[[ Extracted information, beginning ]]

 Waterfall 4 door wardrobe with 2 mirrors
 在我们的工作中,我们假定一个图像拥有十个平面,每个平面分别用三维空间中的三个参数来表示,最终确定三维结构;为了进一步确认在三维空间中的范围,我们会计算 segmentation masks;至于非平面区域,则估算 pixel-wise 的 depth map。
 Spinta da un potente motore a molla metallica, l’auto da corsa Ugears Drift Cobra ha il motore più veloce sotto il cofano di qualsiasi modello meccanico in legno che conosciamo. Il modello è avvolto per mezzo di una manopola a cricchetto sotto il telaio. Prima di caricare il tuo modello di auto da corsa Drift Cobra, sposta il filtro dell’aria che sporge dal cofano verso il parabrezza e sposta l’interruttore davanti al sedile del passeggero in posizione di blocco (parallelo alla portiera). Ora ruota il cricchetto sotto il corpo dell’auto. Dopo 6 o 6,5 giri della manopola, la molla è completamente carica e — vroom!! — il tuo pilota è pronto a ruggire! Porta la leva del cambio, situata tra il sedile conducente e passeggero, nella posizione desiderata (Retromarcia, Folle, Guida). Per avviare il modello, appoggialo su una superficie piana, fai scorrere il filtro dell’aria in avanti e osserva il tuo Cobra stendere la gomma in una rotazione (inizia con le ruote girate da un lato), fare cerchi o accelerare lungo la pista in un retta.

[[ Extracted information, end ]]
[[ Extracted information, beginning ]]

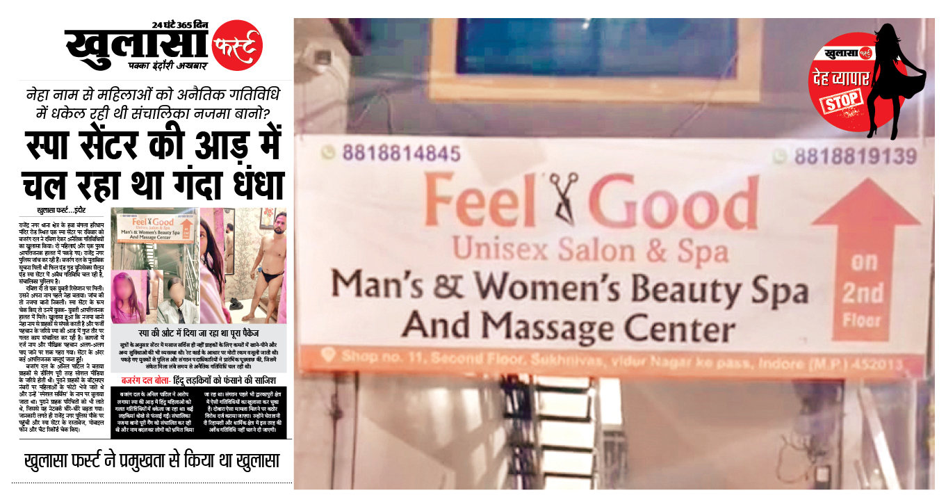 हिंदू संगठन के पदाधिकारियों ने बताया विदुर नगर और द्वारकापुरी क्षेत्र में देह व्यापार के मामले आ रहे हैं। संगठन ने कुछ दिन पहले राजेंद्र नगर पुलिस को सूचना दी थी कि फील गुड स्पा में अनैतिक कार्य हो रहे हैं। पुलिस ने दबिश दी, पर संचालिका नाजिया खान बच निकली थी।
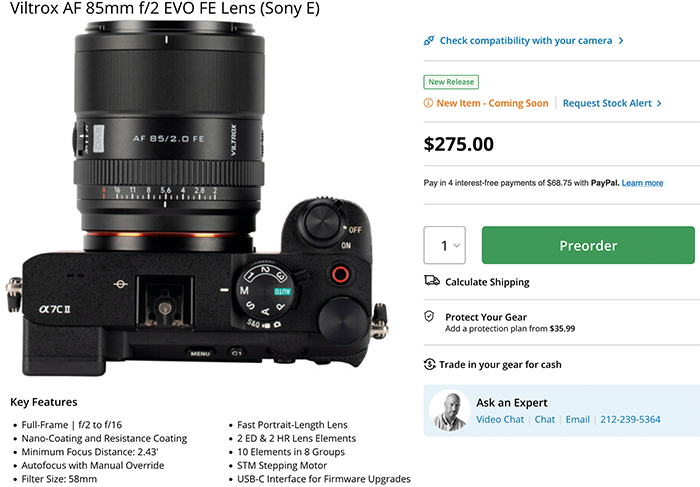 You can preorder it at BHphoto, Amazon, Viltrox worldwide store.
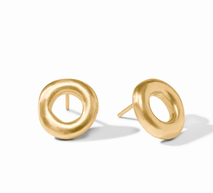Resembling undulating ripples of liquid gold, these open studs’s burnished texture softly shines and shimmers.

[[ Extracted information, end ]]

- _Action item_:
Would you print exactly, and only, the lines of the data above from the line with "Waterfall 4 door wardrobe with 2 mirrors" through the line with "的 depth map。", inclusive?

- _Answer box_:
 Waterfall 4 door wardrobe with 2 mirrors
 在我们的工作中,我们假定一个图像拥有十个平面,每个平面分别用三维空间中的三个参数来表示,最终确定三维结构;为了进一步确认在三维空间中的范围,我们会计算 segmentation masks;至于非平面区域,则估算 pixel-wise 的 depth map。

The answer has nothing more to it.